Es
la hora en la que el barrio de los pescadores todavía duerme. Los
pocos automóviles que se aventuran a recorrer el perímetro del
puerto no han ocupado su papel en la escena, y solamente en algunas
de las casas se observa un humillo que se eleva por encima de los
tejados.
Voy caminando
por camino de tierra bordeado de adelfas de colores varios. Voy en
busca del mar que espera mi llegada con la ansiedad de cada día.

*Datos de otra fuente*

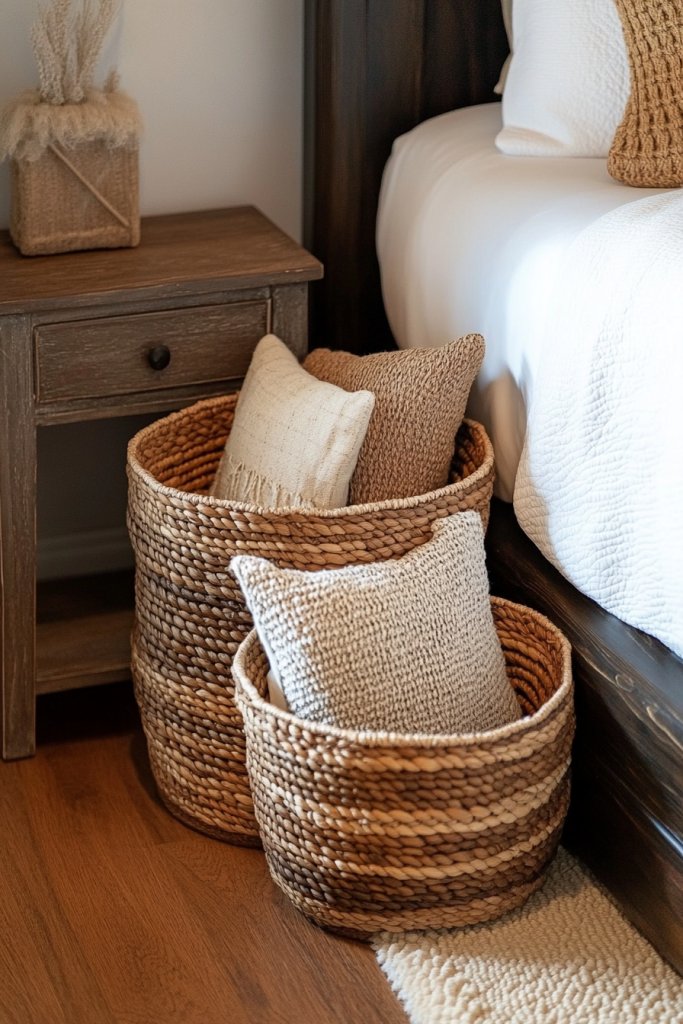 Clutter can turn a beautiful bedroom into chaos in seconds. Finding stylish storage solutions that blend into your decor is a constant challenge. Woven baskets offer a perfect combo of practicality and aesthetics, helping you stay organized while adding texture and warmth. If clutter is your bedroom’s worst enemy, this fix is an easy win.

Paralela a mi paseo la gran explanada de Menera me saluda con
sus ocres y me invita al aislamiento.
Hace frío, y
algunos hombres acaban de cruzarse en mi camino llevando sus cañas y
nasas. No han reparado en mi presencia a estas horas tempranas ni yo
he intentado acercamiento alguno hacia ellos. Sus caras me resultan
conocidas pero no podría decir por qué razón. Un perrillo negro
les sigue de cerca; se dirigen al muelle sur mientras comentan algo
sobre el viejo mercante anclado desde el final de la contienda, y sus
voces se pierden al rebasar la última curva del camino.
Aligero mis
pasos para acudir puntualmente a mi cita y contemplar el despertar
del sol por encima del delta. Como cada mañana, el viejo faro
apagará su luz y dará paso a la claridad amiga. Él tampoco falta
al encuentro. A pesar de los cambios efectuados en el entorno y de
que otras candelas iluminan los amarres del nuevo puerto, permanece
ahí, erguido y desafiando al tiempo con la arrogancia de antaño.
Dejo atrás las
dunas y la premura, y me dirijo, ahora ya con paso sereno y hundiendo
mis pies en la arena, hasta las rocas del espigón. Respiro hondo
mientras dirijo la mirada hacia la loma, principio y fin de la sierra
y, adivinando sus contornos amurallados, me despojo de todo atuendo
comenzando por el calzado y finalizando el ritual por mis prendas
íntimas, de las que las olas se apropian disimuladamente.
El disco solar
no tarda en llegar; se asoma desde la desembocadura de un Palancia
que perece cauce arriba amordazado por la presa. El alba no viene
sola, la acompaña el poeta que, con sus versos, va tiñendo de oro
las aguas. La música se suma al diálogo: es el susurro del viejo
mar en su acariciar constante sobre las erosionadas rocas en la base
del espigón.
Las primeras
aves se aproximan siguiendo la estela del último carguero, en busca
quizá del sustento; mientras, la actividad portuaria avisa de una
nueva jornada. Las calles se visten ya de gente que va y viene ajena
a mi bautismo en los azules de mi mar que pronuncia mi nombre desde
el horizonte, y los pescadores regresan tras su expolio portando
llenas las cestas y vacías las palabras. A su lado, un perrillo
negro camina rezagado y yo me crezco cuando uno de los hombres me
mira sin verme, en mi regreso, por el camino bordeado de adelfas de
colores varios. En la explanada de Menera los ocres han desaparecido
bajo el asfalto y los vehículos se amontonan estacionados.
Atrás se queda
mi mar y, con él, mi despertar. Poco a poco me adentro en la ciudad
que no me respira. A mi lado, un perrillo negro camina y mueve su
cola. Desde el etéreo de mi cuerpo, yo lo miro, y le sonrío.